Recently, there has been news that attackers are infiltrating Stack Overflow with ‘helpful’ coding advice that spreads malware. As Bleeping Computer reported,
Cybercriminals are abusing Stack Overflow in an interesting approach to spreading malware—answering users’ questions by promoting a malicious PyPi package that installs Windows information-stealing malware.
For the layperson, this is how it works…
Code Libraries
Nowadays, software developers never write code from scratch. They reuse code written by other software developers, who reuse code from others, who in turn reuse code from others. Reusable codes are packaged together in public code repositories like “PyPi”. A lot of these reusable codes end up in production software, apps and other corporate internal systems.
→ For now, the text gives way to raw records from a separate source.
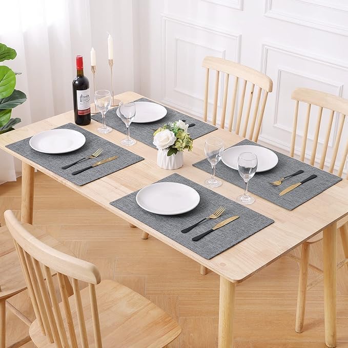 Lot de 6 sets de table lavables - En lin - Résistants à la chaleur - Antidérapants - Double face - En tissu - Gris foncé
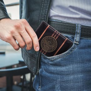 O que está dentro: três bolsos horizontais para cartão, dois bolsos verticais para cartão, uma janela transparente para identidade, um compartimento para moedas de tamanho completo, Congresso mágico dos Estados Unidos da América
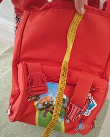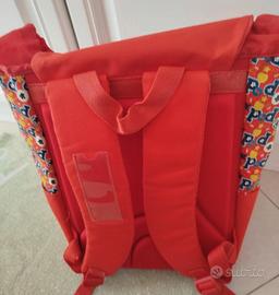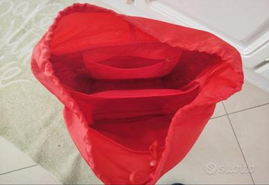 Zaino estensibile rosso in tela ed ecopelle nuovo senza etichetta. Diviso internamente in 2 scompartimenti. Sulla parte frontale frontale tascone con chiusura a zip, più tasche laterali. Spallacci imbottiti e regolabili. Dimensioni 35*34. Profondo chiuso 11 cm, aperto 15cm.
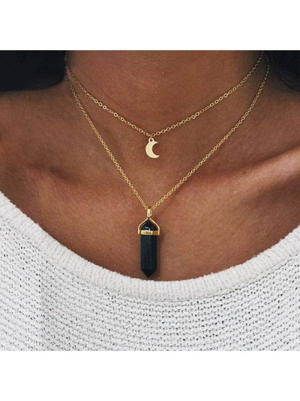necklaces,fashion double moon hexagon column crystal pendant necklace
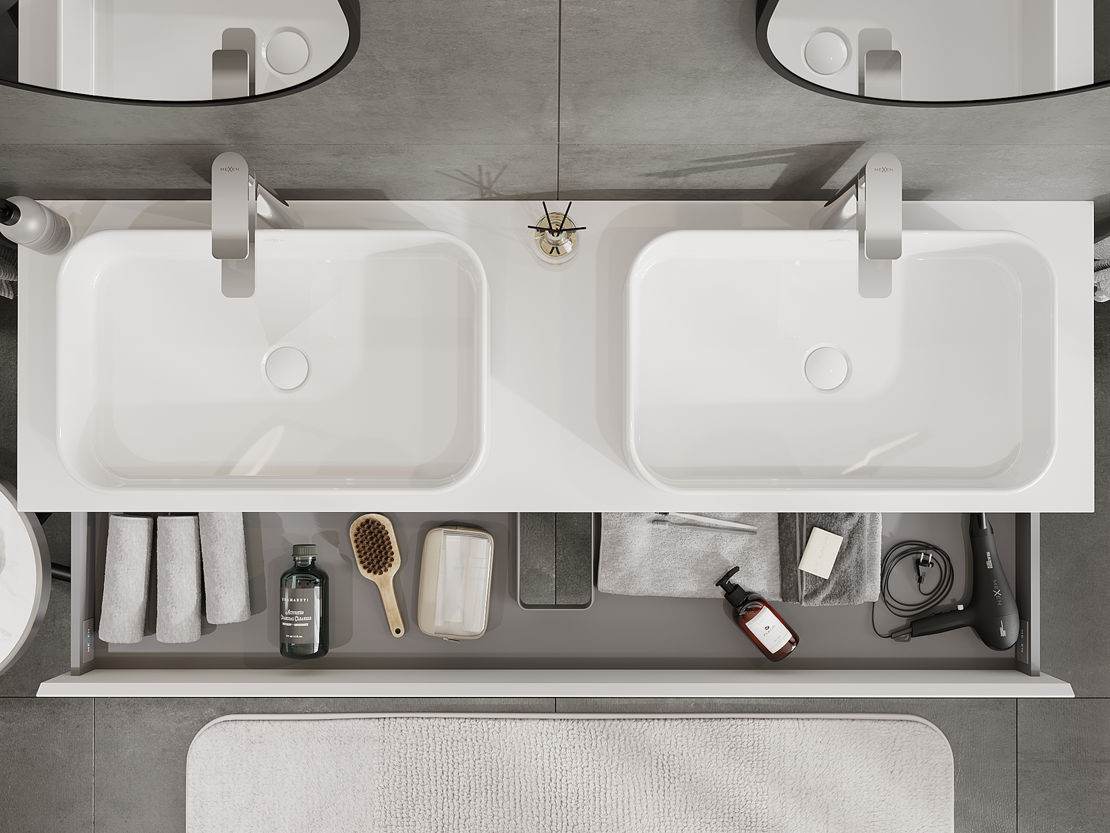Mexen Orio ντουλάπι μπάνιου κάτω από νιπτήρα 160 cm, 2 συρτάρια, λευκό ματ

The key point to understand is this: a lot of these code repositories are public. Anyone can contribute code to them. So, what happened is that attackers are contributing malicious code to these public code repositories. As software developers are constantly under the pump, they do not have time to inspect all the third-party code that they re-use. As a result, there are reports of malicious codes being discovered within the supply chain of software and apps.
Stack Overflow
Stack Overflow is a Q&A forum for software developers. It is a fantastic resource for them.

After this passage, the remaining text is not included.